Diario Vasco

Pekín, 13 jun (EFECOM).- China aliviará las restricciones para inversores institucionales extranjeros, permitiéndoles por ejemplo sacar capital del país, como parte de su apertura del mercado financiero, anunciaron el Banco Popular de China (central) y la Administración Estatal de Intercambio de Divisas.

Estas instituciones informaron el martes de que aplicarán nuevas normas para los sistemas QFII (siglas de Inversores Institucionales Extranjeros Cualificados) y RQFII (para la inversión desde depósitos en el extranjeros denominados en yuanes por ese mismo tipo de inversores).
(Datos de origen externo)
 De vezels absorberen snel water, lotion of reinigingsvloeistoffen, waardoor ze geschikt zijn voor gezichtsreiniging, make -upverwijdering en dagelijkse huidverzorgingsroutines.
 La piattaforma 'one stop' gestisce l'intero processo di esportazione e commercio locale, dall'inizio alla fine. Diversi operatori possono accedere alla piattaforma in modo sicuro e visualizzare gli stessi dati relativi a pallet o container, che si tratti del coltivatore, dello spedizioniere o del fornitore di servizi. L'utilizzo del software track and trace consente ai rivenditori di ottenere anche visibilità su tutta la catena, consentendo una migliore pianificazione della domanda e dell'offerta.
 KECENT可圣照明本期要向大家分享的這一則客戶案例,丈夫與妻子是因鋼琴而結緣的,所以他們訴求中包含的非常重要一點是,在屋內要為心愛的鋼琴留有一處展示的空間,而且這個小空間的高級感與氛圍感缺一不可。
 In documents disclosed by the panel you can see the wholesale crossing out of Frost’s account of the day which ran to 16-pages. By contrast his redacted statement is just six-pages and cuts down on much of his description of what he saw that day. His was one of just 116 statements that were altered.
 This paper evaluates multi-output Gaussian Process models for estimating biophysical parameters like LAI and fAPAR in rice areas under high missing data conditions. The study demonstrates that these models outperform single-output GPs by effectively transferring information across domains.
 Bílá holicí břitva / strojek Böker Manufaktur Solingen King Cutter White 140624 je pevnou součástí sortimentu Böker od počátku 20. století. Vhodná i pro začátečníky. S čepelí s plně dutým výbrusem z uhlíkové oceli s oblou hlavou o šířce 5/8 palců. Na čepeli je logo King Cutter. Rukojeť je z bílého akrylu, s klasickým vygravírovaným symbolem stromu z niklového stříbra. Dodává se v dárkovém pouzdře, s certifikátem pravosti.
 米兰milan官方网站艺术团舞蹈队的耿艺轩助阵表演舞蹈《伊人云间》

En concreto, los reguladores derogarán una ley que estipulaba que los QFII podían sacar un máximo del 20 % de sus activos en China cada mes, tomando como cien por cien el valor total de sus activos a cierre del año anterior.

Además, se eliminará también el requisito de que el capital de los QFII y RQFII tenga que estar bloqueado tres meses en el país, y se les permitirá hacer coberturas de divisa en sus inversiones en China, para poder limitar los riesgos de los movimientos de las monedas.
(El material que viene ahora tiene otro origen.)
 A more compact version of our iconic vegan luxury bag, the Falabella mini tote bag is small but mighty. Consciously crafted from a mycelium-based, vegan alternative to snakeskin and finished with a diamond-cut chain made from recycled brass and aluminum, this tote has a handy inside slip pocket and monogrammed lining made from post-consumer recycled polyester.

Según los expertos del sector, estas medidas contribuirán a que los inversores internacionales tengan más flexibilidad para acceder a muchos tipos de activos del mercado chino y puedan gestionar mejor su liquidez, ya que no tendrán el límite del 20 % en la repatriación de capital.
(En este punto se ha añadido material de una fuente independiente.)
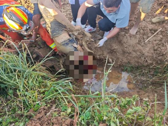 到達(dá)現(xiàn)場后,經(jīng)詢問得知,該男子在駕駛微耕機作業(yè)時,不小心右腿被絞住,微耕機刀片卡在了大腿處,無法取出。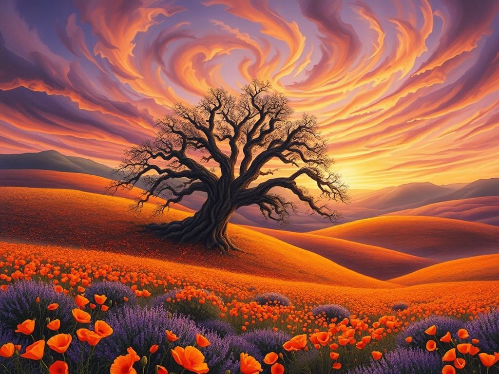 This image shows a dreamlike landscape with vibrant orange and purple flowers, a giant oak tree, and a swirling sky, captured in a detailed painting style reminiscent of impressionism and the Hudson River School.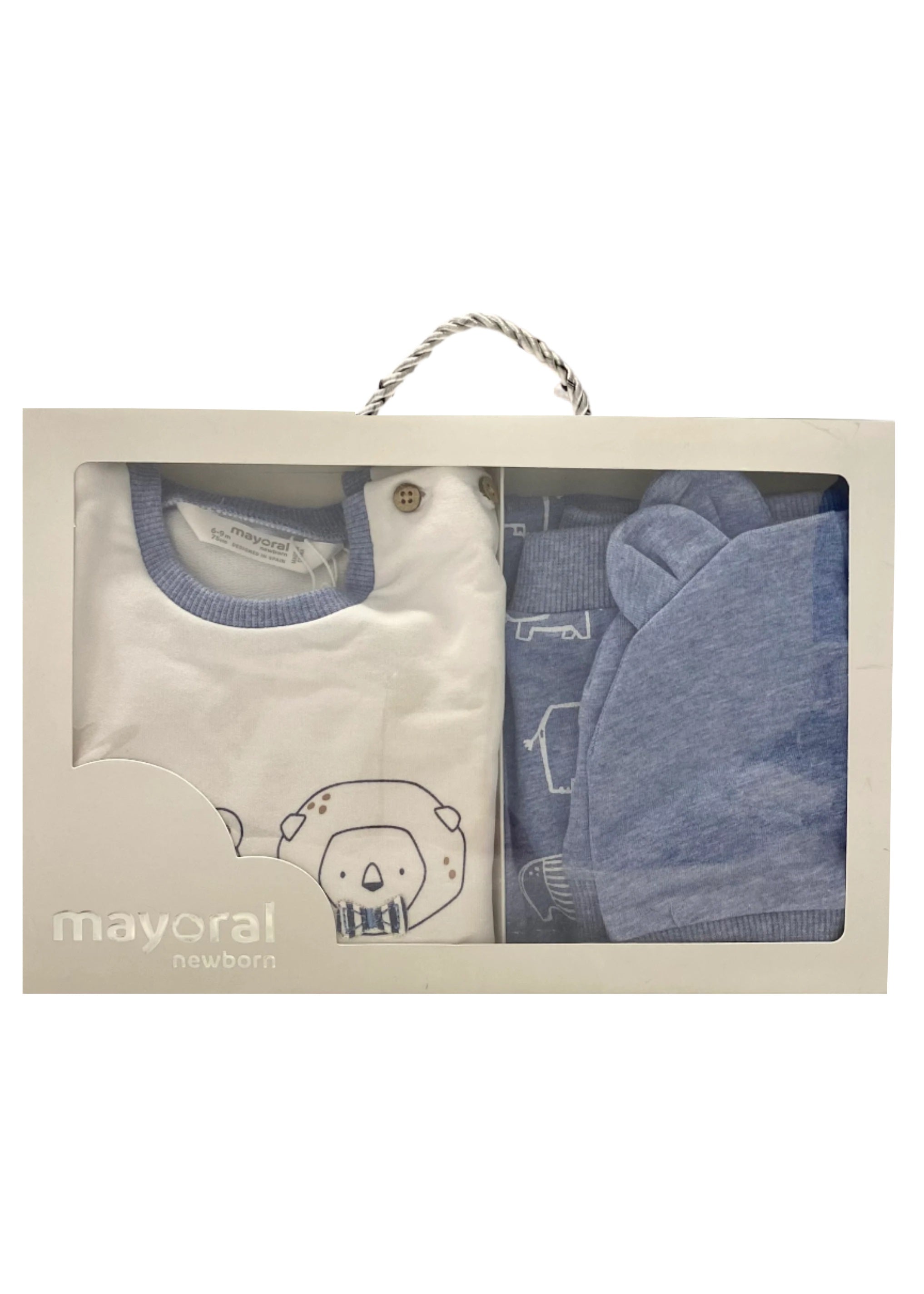 Baby boy 3 pc outfit set. Long sleeve top, rib knit on collar and on hem. Matching pants has an all over animal drawing, open feet for bigger size. Top and pants is perfectly matched with a plain colored hat.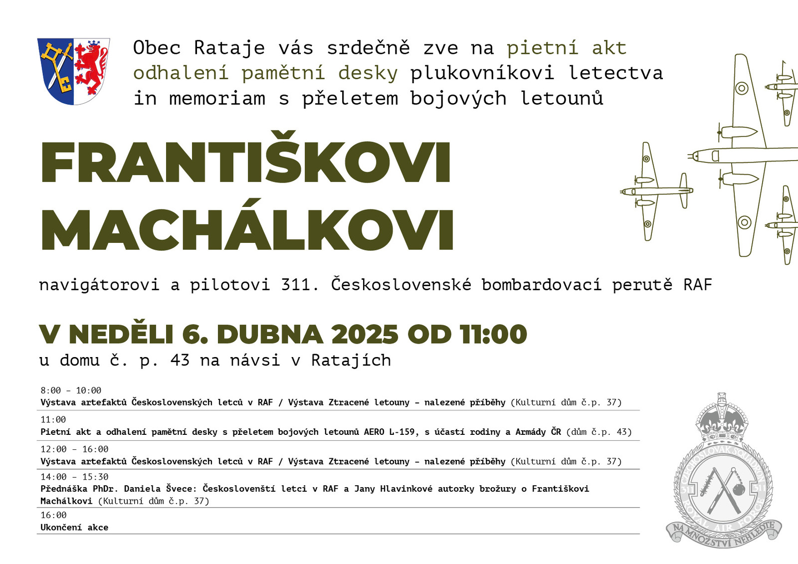 Úvod > Život v obci > Aktuality a hlášení > POZVÁNKA - Odhalení pamětní desky Františkovi Machálkovi, československému letci RAF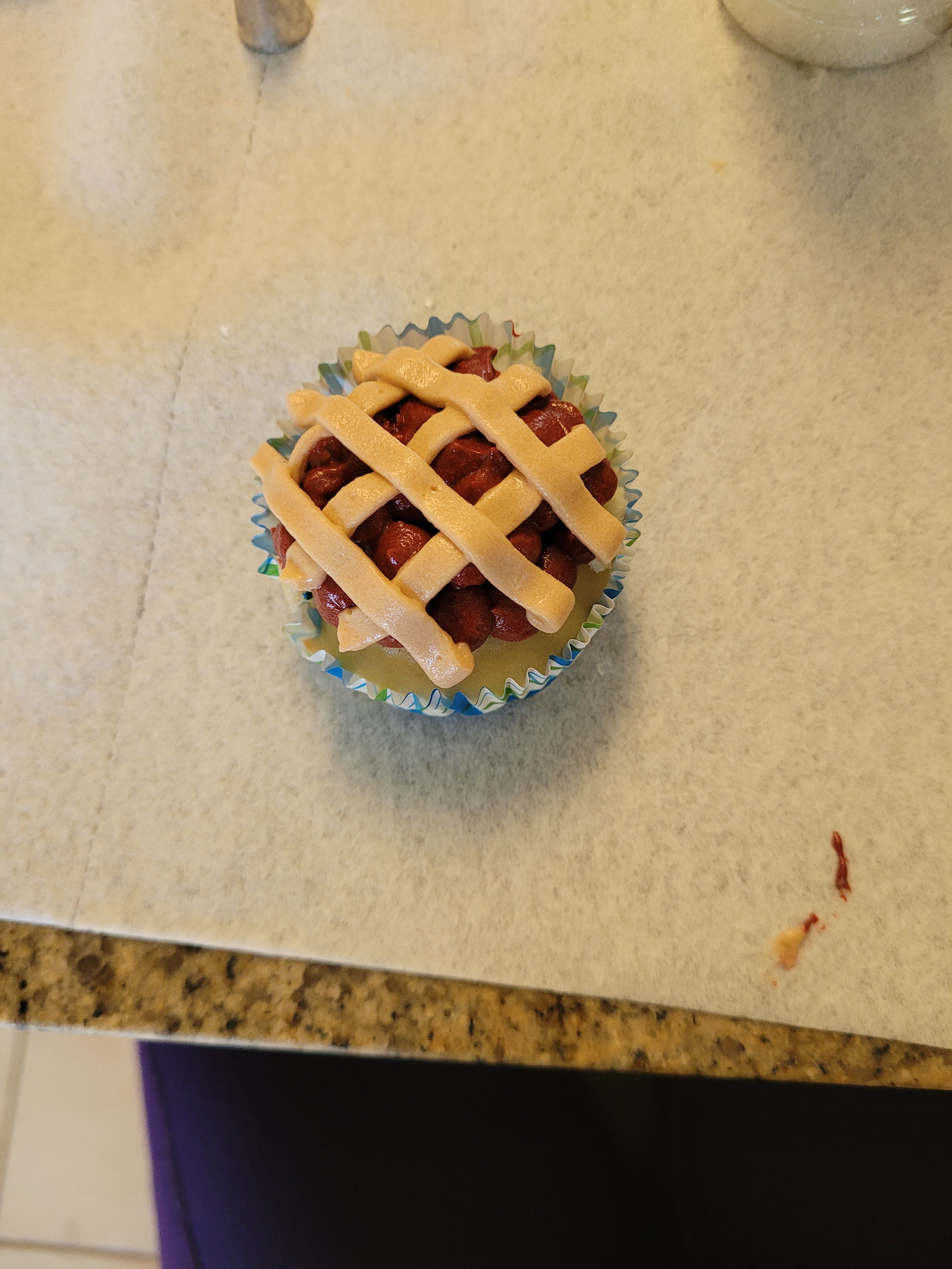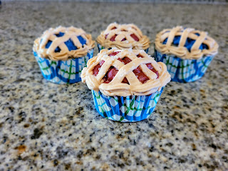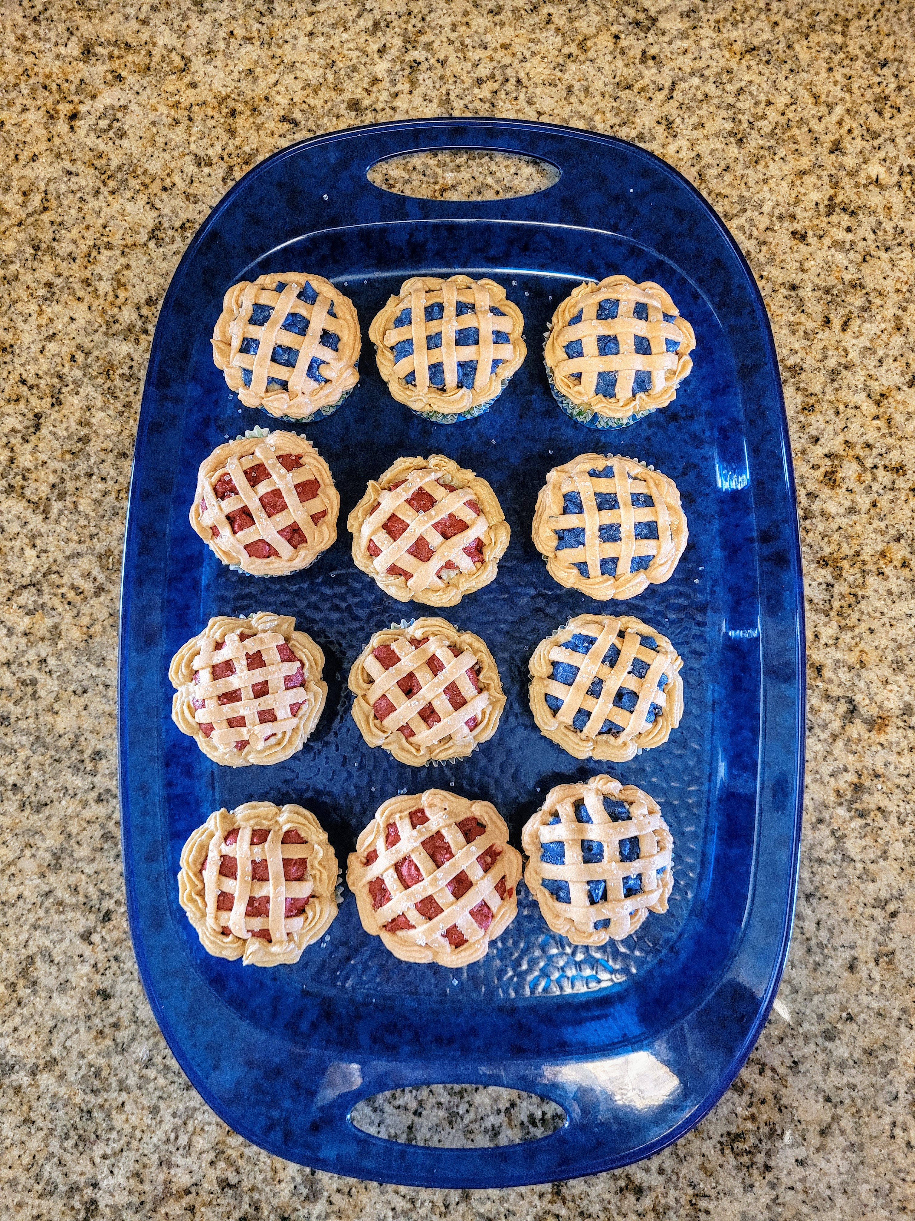 Then I turned my cupcake the opposite direction and piped three more lines to finish my lattice pattern, then back into the fridge with all six cherry cupcakes, and out with all six blueberry cupcakes to do the same thing. My sweaty hands (why is everything so hot, Florida?!) were an issue a few times, so I also placed my piping bag (tip removed) in the freezer for 5 minutes or so to let my frosting firm back up. If you find your frosting is getting hard to control, try freezing it for just a bit. This will make a huge difference in how crisp your lines look.

Además, "la disponibilidad de un instrumento de cobertura de divisa en China ofrecerá medios más directos a los inversores para cubrir sus posiciones en el país", apuntó en un comentario Patrick Wong, miembro del Servicio de Inversión del banco británico HSBC en China, quien dio la bienvenida a estas medidas.

Este experto prevé que aumentará la demanda de acceso a los mercados de capitales de China por parte de inversores internacionales.

El programa para QFII se lanzó en 2003 para que los inversores institucionales extranjeros cualificados, es decir, los que contaban con permiso gubernamental de China, pudieran invertir en los parqués de la parte continental (el de Shanghái y el de Shenzhen) en títulos denominados en yuanes.